Xavient Information Systems specializes in IT consulting and software services. Its banking services division combines IT infrastructure with mobility, analytics and business intelligence, it explains on its website.

Creating payments, transferring funds and checking balances are offered now by pretty much all banks through their apps and online services. That was the “first round of banking innovation,” she says. The second will be “a ubiquitous customer experience, where the customer, and their devices, as a representation of the customer, is the center of the mobile ecosystem.”

What she means is that analytics and Big Data should be used to offer “specific services” and determine “rates based on a consumer’s banking patterns, levels of deposits, spending patterns, web browsing history, social media information, geolocation data,” and so on, she explains.

In other words, a customer’s experience and offerings should include more customization and segmenting. Yamato-Tucker not only uses the obvious example of customized portfolio management, but says offerings could include “inventories of possessions based on purchases with bank cards,” as an example. That kind of value add-on could be enough to differentiate a bank among the competition for some customers.

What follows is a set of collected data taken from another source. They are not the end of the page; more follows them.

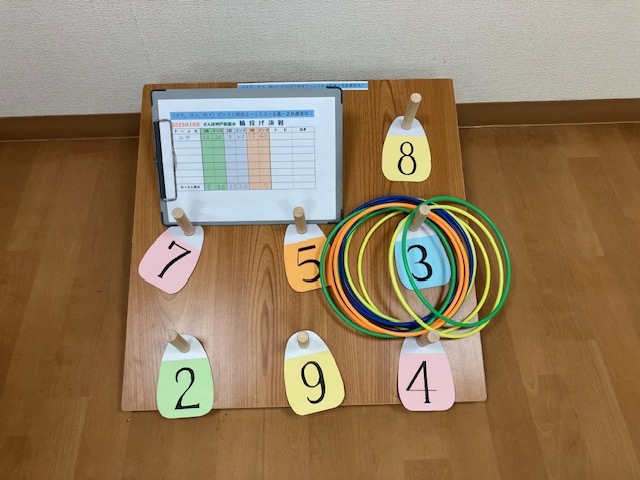 こちらも手作りの輪投げゲーム。どうです?なかなかの出来栄えでしょ?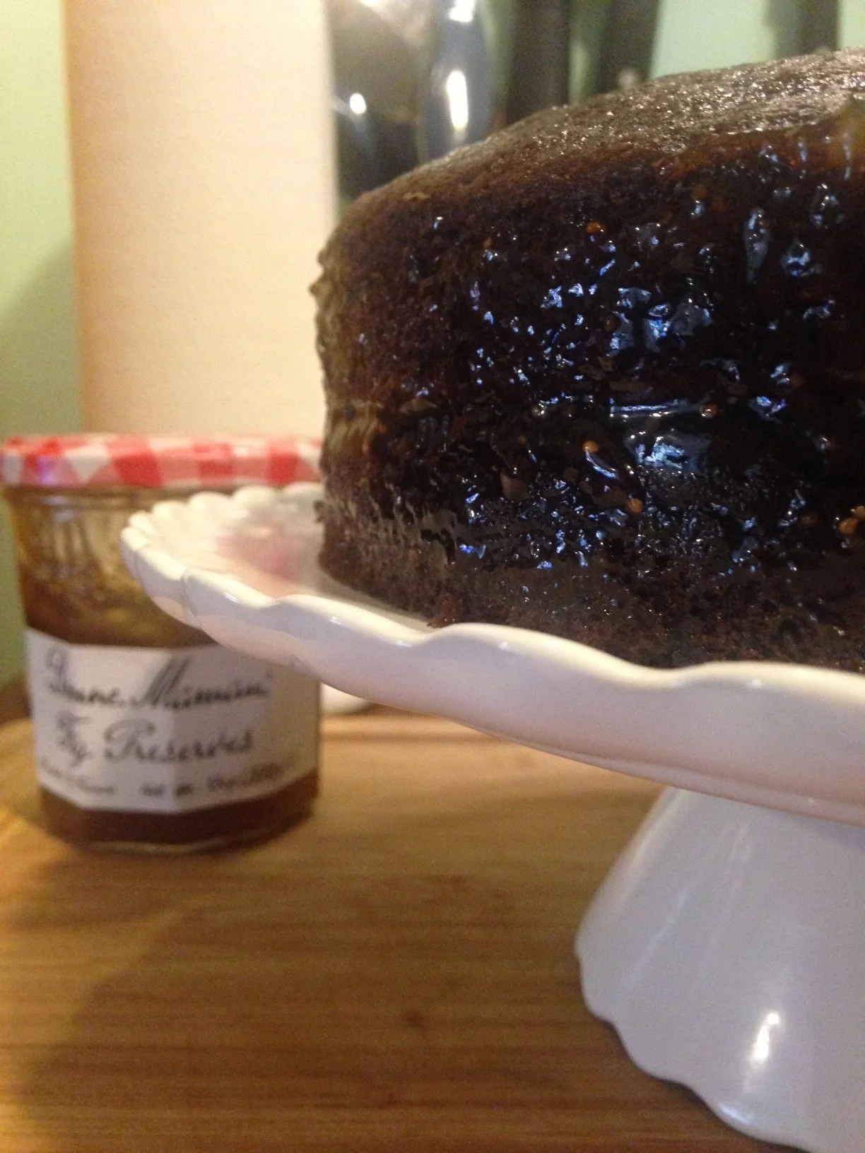 Next, we celebrated my mom’s birthday with dinner at Grandma’s. I brought a couple of salads, one with roasted beets and goat cheese over watercress and the other with watercress, sugar snap peas, radishes, and fresh mozzarella, inspired by an amazing seasonal salad I’d had recently at Astoria’s brick oven pizzeria, Milkflower. I also made chocolate cake with a fig preserve glaze.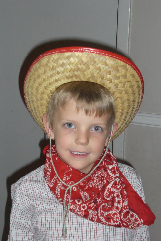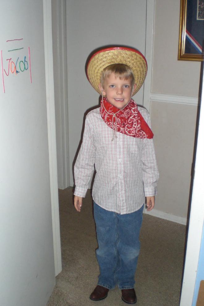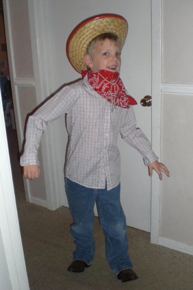So tonight we rustled up some Western duds for the kids to wear. Jacob does not wear blue jeans … ever. He announced however that he needed jeans and boots for this occasion. Luckily I had a pair of jeans in a hand me down bag from a friend and a pair of boots in another bag from a friend. I think his outfit turned out pretty cute.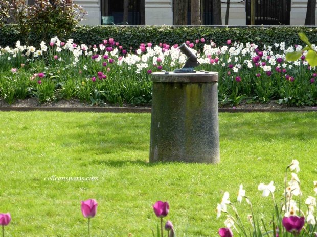 At the Palais-Royal gardens, while enjoying the spring magnolias and narcissus one cloudy, chilly Spring day in March, I noticed a little canon perched on a pedestal on the grass. The sign said that since 1990 it was once again functioning, firing at noon every day. I believed the sign!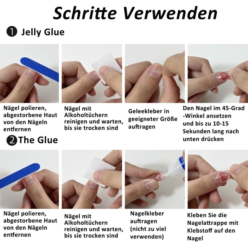Jelly adhesive stickers make false nails reusable, glue does not. We recommend that you use the jelly glue a few times first and use the glue last. The nail glue ensures that the false nails stay on your nails longer.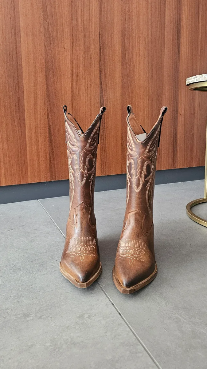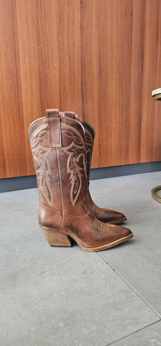 Stivali al polpaccio in nabuk ingrassato cuoio con ricamo, spazzolato, suola in thunit neutro, spazzolato, altezza 7 cm. Interni e sottopiede in similpelle, privo di cerniera. Calzano giuste, punta stretta in avanti. Calzature realizzate artigianalmente, rigorosamente Made in Italy.b

Biometrics, loyalty programs, savings programs and interactive money management programs can all be part of a personalized user experience, along with the aforementioned inventory, she reckons. It all becomes possible through better use of the data that’s being generated anyway.

Banks are becoming aware of these new opportunities and Yamato-Tucker says she’s seeing more budget being apportioned to data analytics and business intelligence this year. But they need to get a handle on the data, she believes.

In particular, metadata, which is the data about the data, or basic information about the detailed data, needs management, she thinks.

“With the growing variety and increasing velocity of data, banks need to develop comprehensive metadata management and data governance processes,” she says. “One cannot share and understand data effectively, and in a meaningful way, without managing the metadata.”

“My understanding is that most banks are in a relatively early stage of exploration and strategizing with regard to bitcoin and blockchain. Some foresee the future disruption and have invested in FinTech firms in an attempt to grow their share in what could someday be a less lucrative market,” Yamato-Tucker told me.